# PROBLEM REQUIREMENTS
Every record should be copied exactly, and the images omitted.

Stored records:
>>

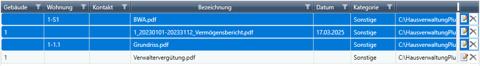 Um einzelne Dokumente getrennt voneinander zu markieren, drücken Sie nach dem Markieren der ersten Listenzeile die Strg-Taste.
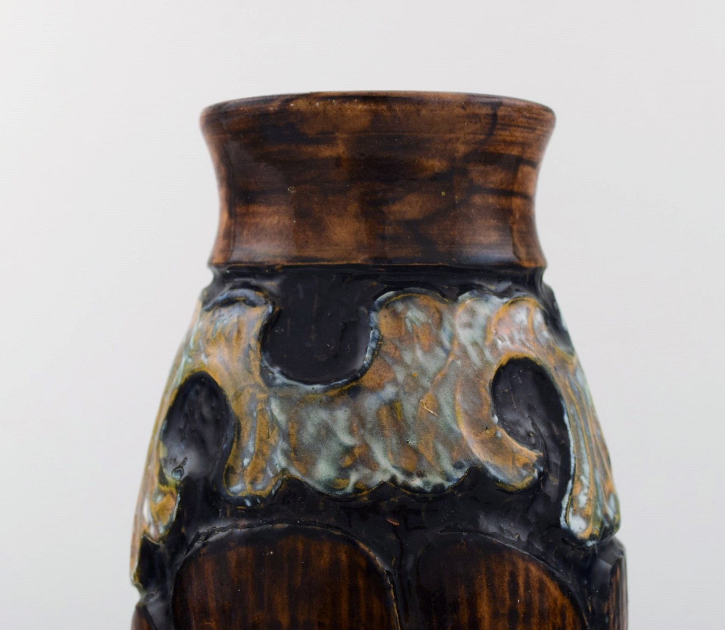Møller & Bøgely, skønvirke stor keramikvase af glaseret keramik. Ca. 1920. Stort dansk privatsamling af Møller & Bøgely keramik på lager. Måler : 21 cm. x 10 cm. I perfekt stand.
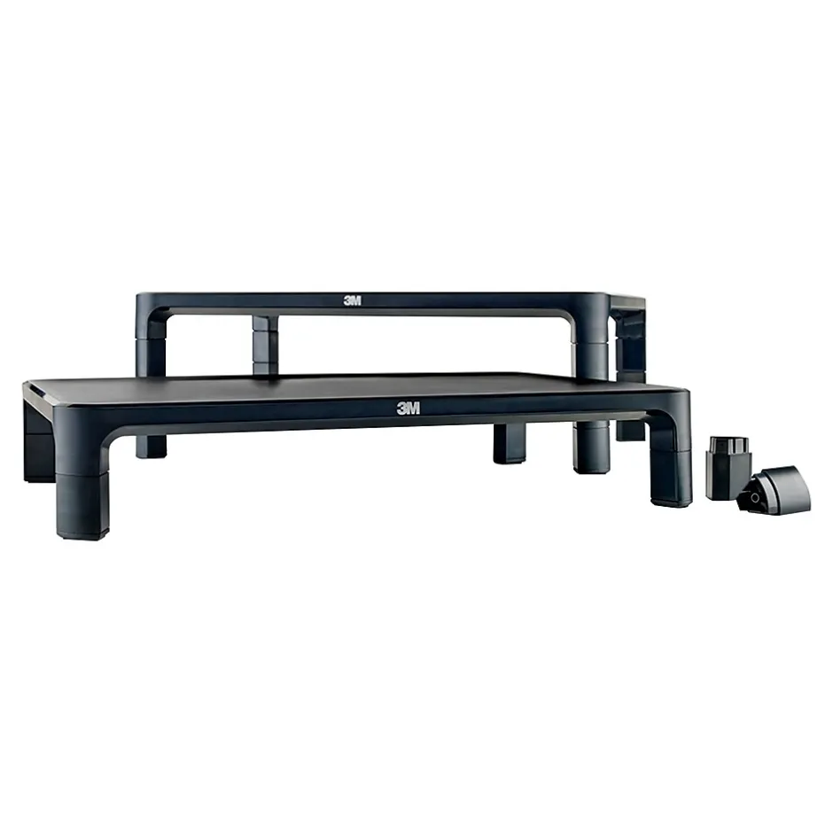 Modern design with stacking columns raise the monitor from 1.7 inch to 5.5 inches in increments of 1.25 inches to an ergonomically correct level.
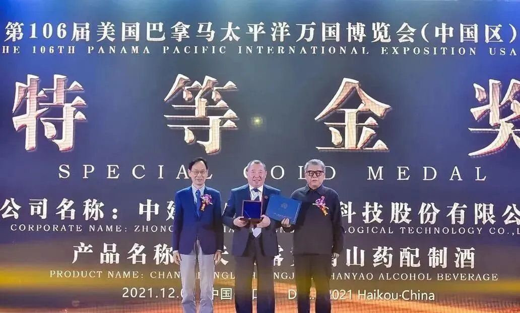 时隔一年,2021年12月,在海南海口举办的第 106 届国际博览会上,”长生露黄精山药配制酒”再度摘得“特等金奖”,成为国际巴拿马万国博览会上备受瞩目的“双冠王”。
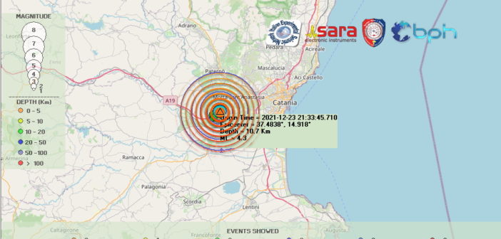 Una scossa di terremoto di Ml 4.3 è stata registrata alle ore 22:33:45 nella zona di Catania in Sicilia, con ipocentro alla profondità di circa 11 km. Evento preceduto da altre scosse, la più forte, di Ml 3.3
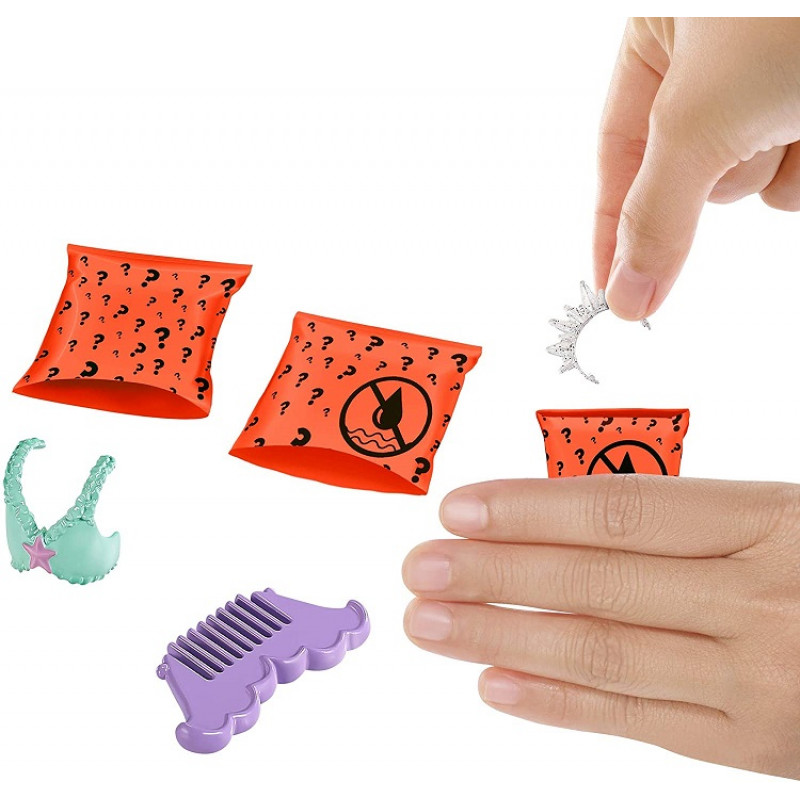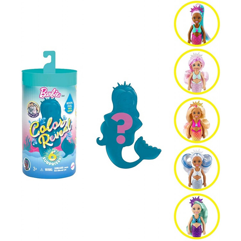 Color Reveal Chelsea to mnóstwo kolorowej zabawy! Odpakuj tubę, by wyjąć z niej wszystkie paczuszki, po czym napełnij ją wodą, by zanurzyć w niej laleczkę – to jedyny sposób, by przekonać się, jak Chelsea wygląda naprawdę! Teraz otwórz pozostałe pakunki i udekoruj nimi swoją lalkę, a zobaczysz, jak staje się prawdziwą pięknością. Do zebrania jest aż pięć fantastycznych wzorów Chelsea z syrenim ogonem – zawartość zestawu do samego końca pozostaje niespodzianką i dziewczynki dopiero po odpakowaniu tuby dowiadują się, która lalka trafiła do ich domowej kolekcji.
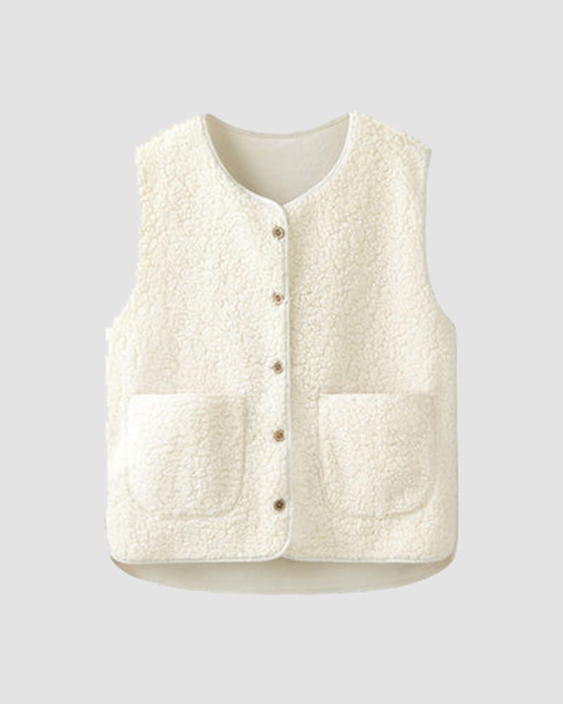 Details:K-Pop-inspired Teddy Long Vest with Pocket
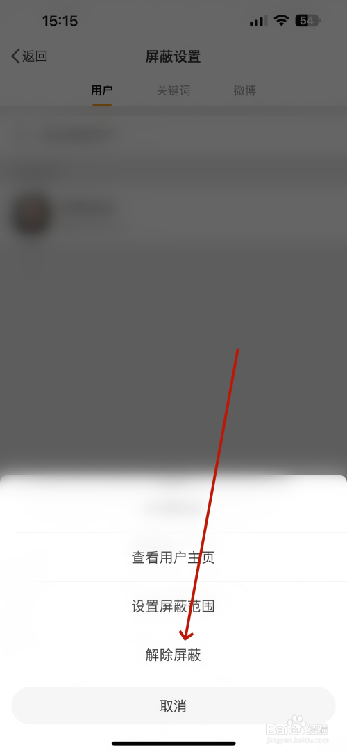 打开屏蔽设置的界面在用户栏点击”用户“选项,
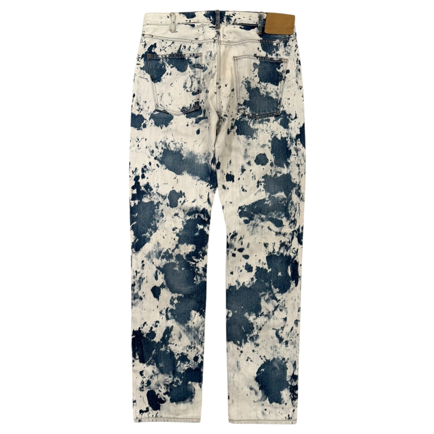 Celine by Hedi Slimane SS2021 ‘Running Kids’ Denim, a bleach patterned heavyweight denim with classic Italian 5 pocket construction on a slim straight model/. 32.5 Waist 34 inseam 10 back 13.5 8 leg opening. No flaws
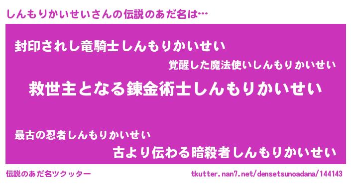 | 意味不明あだ名 | 『住所不定無職しんもりかいせい(95歳)』 |
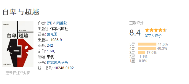 并不只是关于自卑,我觉得是个体心理学书籍中独一无二的杰作,就比如勒庞《乌合之众》之于社会心理学。
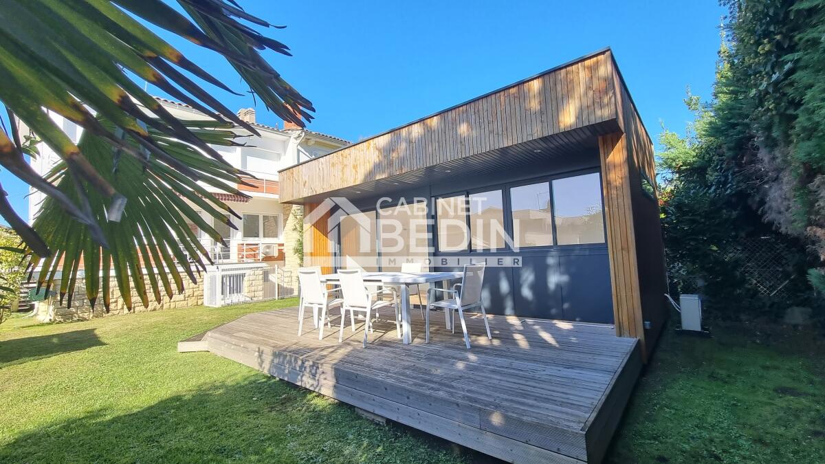 Belle maison familiale avec jardin et dépendance. Belle maison familiale dans une des plus jolies rues du Bouscat. Véritable écrin de lumière, cette maison des années 50, avec signature d'architecte, saura vous séduire par son hall d'entrée majestueux composé de pierre alternée de cabochons au sol, et pavé de verre pour la clarté du volume. L'escalier en pierre et fer forgé dessert les 3 chambres de l'étage avec salle de bain, WC et les 2 autres chambres du R-1 ainsi qu'un espace lingerie et buanderie aménagé de murs de placards, accessible aussi depuis le jardin offrant ainsi une vie de famille très fonctionnelle. L'espace de vie avec conduit de cheminée en attente est largement vitré sur 3 côtés, ouvert sur la terrasse, un escalier permet de profiter du jardin de 200M2 et de la dépendance, bâtiment neuf en bois et baie vitrée acier noir. L'ensemble a beaucoup de charme, architecture des année 50 dans un esprit 'bâteau', garde-corps métalliques, pavés de verre, brique, jeu de lumière et transparence. Proche du parc bordelais, du tram D, des écoles et des commerces. Cette maison de famille très entretenue vous offrira un confort de vie, agrémenté d'une dépendance neuve, le terrain est piscinable. 3 places de stationnement pour les voitures, arrosage intégré, travaux de rénovation récents, alarme, fibre, volets électriques, portail électrique. chauffage au gaz, et climatisation réversible. Toiture refaite et isolée en 2000, isolation par l'extérieur, gouttières et descentes d'eau neuves ainsi que l'ensemble de l'installation électrique. Appelez-nous au 0557225500, pour visiter ce bien rare. Amateurs d'architecture des années 50, ne manquez pas ce rendez-vous !. Les informations sur les risques auxquels ce bien est exposé sont disponibles sur le site Géorisques : www. georisques. gouv. fr. Montant estimé des dépenses annuelles d?énergie pour un usage standard : entre 2140 et 2950 Euros/an (année de référence 2023)
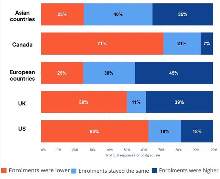 Of the Canadian university respondents surveyed, 82% said their undergraduate enrolments are lower than last year, and 71% said the same about postgraduate enrolments. Nearly half (48%) of their US counterparts saw fewer undergraduate enrolments in the fall 2025 intake, and 63% said the same for postgraduate students.
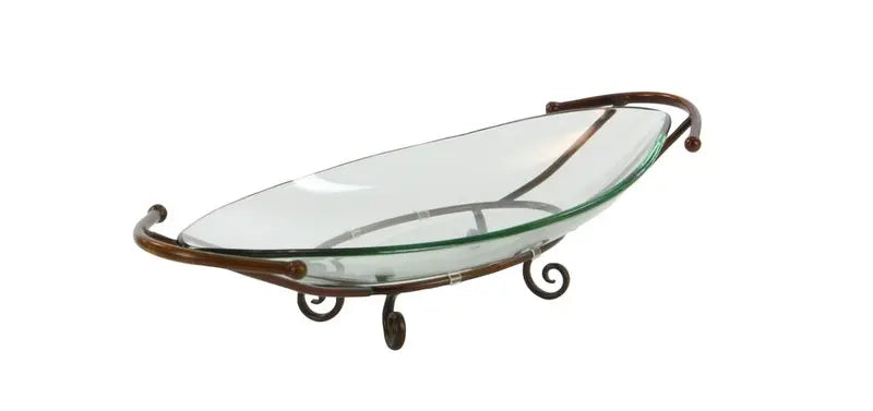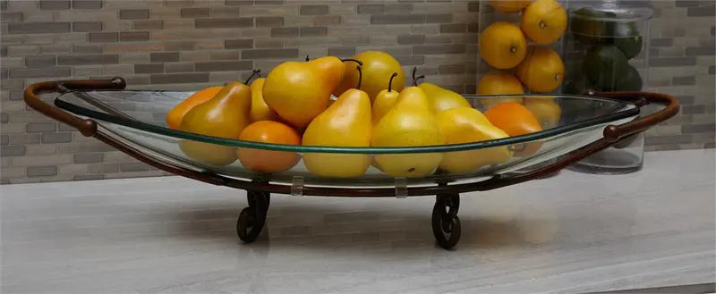 Brass Glass Modern Kitchen Serving Bowl, 30" x 12" x 6"

<<

# RESPONSE
 Um einzelne Dokumente getrennt voneinander zu markieren, drücken Sie nach dem Markieren der ersten Listenzeile die Strg-Taste.
Møller & Bøgely, skønvirke stor keramikvase af glaseret keramik. Ca. 1920. Stort dansk privatsamling af Møller & Bøgely keramik på lager. Måler : 21 cm. x 10 cm. I perfekt stand.
 Modern design with stacking columns raise the monitor from 1.7 inch to 5.5 inches in increments of 1.25 inches to an ergonomically correct level.
 时隔一年,2021年12月,在海南海口举办的第 106 届国际博览会上,”长生露黄精山药配制酒”再度摘得“特等金奖”,成为国际巴拿马万国博览会上备受瞩目的“双冠王”。
 Una scossa di terremoto di Ml 4.3 è stata registrata alle ore 22:33:45 nella zona di Catania in Sicilia, con ipocentro alla profondità di circa 11 km. Evento preceduto da altre scosse, la più forte, di Ml 3.3
 Color Reveal Chelsea to mnóstwo kolorowej zabawy! Odpakuj tubę, by wyjąć z niej wszystkie paczuszki, po czym napełnij ją wodą, by zanurzyć w niej laleczkę – to jedyny sposób, by przekonać się, jak Chelsea wygląda naprawdę! Teraz otwórz pozostałe pakunki i udekoruj nimi swoją lalkę, a zobaczysz, jak staje się prawdziwą pięknością. Do zebrania jest aż pięć fantastycznych wzorów Chelsea z syrenim ogonem – zawartość zestawu do samego końca pozostaje niespodzianką i dziewczynki dopiero po odpakowaniu tuby dowiadują się, która lalka trafiła do ich domowej kolekcji.
 Details:K-Pop-inspired Teddy Long Vest with Pocket
 打开屏蔽设置的界面在用户栏点击”用户“选项,
 Celine by Hedi Slimane SS2021 ‘Running Kids’ Denim, a bleach patterned heavyweight denim with classic Italian 5 pocket construction on a slim straight model/. 32.5 Waist 34 inseam 10 back 13.5 8 leg opening. No flaws
 | 意味不明あだ名 | 『住所不定無職しんもりかいせい(95歳)』 |
 并不只是关于自卑,我觉得是个体心理学书籍中独一无二的杰作,就比如勒庞《乌合之众》之于社会心理学。
 Belle maison familiale avec jardin et dépendance. Belle maison familiale dans une des plus jolies rues du Bouscat. Véritable écrin de lumière, cette maison des années 50, avec signature d'architecte, saura vous séduire par son hall d'entrée majestueux composé de pierre alternée de cabochons au sol, et pavé de verre pour la clarté du volume. L'escalier en pierre et fer forgé dessert les 3 chambres de l'étage avec salle de bain, WC et les 2 autres chambres du R-1 ainsi qu'un espace lingerie et buanderie aménagé de murs de placards, accessible aussi depuis le jardin offrant ainsi une vie de famille très fonctionnelle. L'espace de vie avec conduit de cheminée en attente est largement vitré sur 3 côtés, ouvert sur la terrasse, un escalier permet de profiter du jardin de 200M2 et de la dépendance, bâtiment neuf en bois et baie vitrée acier noir. L'ensemble a beaucoup de charme, architecture des année 50 dans un esprit 'bâteau', garde-corps métalliques, pavés de verre, brique, jeu de lumière et transparence. Proche du parc bordelais, du tram D, des écoles et des commerces. Cette maison de famille très entretenue vous offrira un confort de vie, agrémenté d'une dépendance neuve, le terrain est piscinable. 3 places de stationnement pour les voitures, arrosage intégré, travaux de rénovation récents, alarme, fibre, volets électriques, portail électrique. chauffage au gaz, et climatisation réversible. Toiture refaite et isolée en 2000, isolation par l'extérieur, gouttières et descentes d'eau neuves ainsi que l'ensemble de l'installation électrique. Appelez-nous au 0557225500, pour visiter ce bien rare. Amateurs d'architecture des années 50, ne manquez pas ce rendez-vous !. Les informations sur les risques auxquels ce bien est exposé sont disponibles sur le site Géorisques : www. georisques. gouv. fr. Montant estimé des dépenses annuelles d?énergie pour un usage standard : entre 2140 et 2950 Euros/an (année de référence 2023)
 Of the Canadian university respondents surveyed, 82% said their undergraduate enrolments are lower than last year, and 71% said the same about postgraduate enrolments. Nearly half (48%) of their US counterparts saw fewer undergraduate enrolments in the fall 2025 intake, and 63% said the same for postgraduate students.
 Brass Glass Modern Kitchen Serving Bowl, 30" x 12" x 6"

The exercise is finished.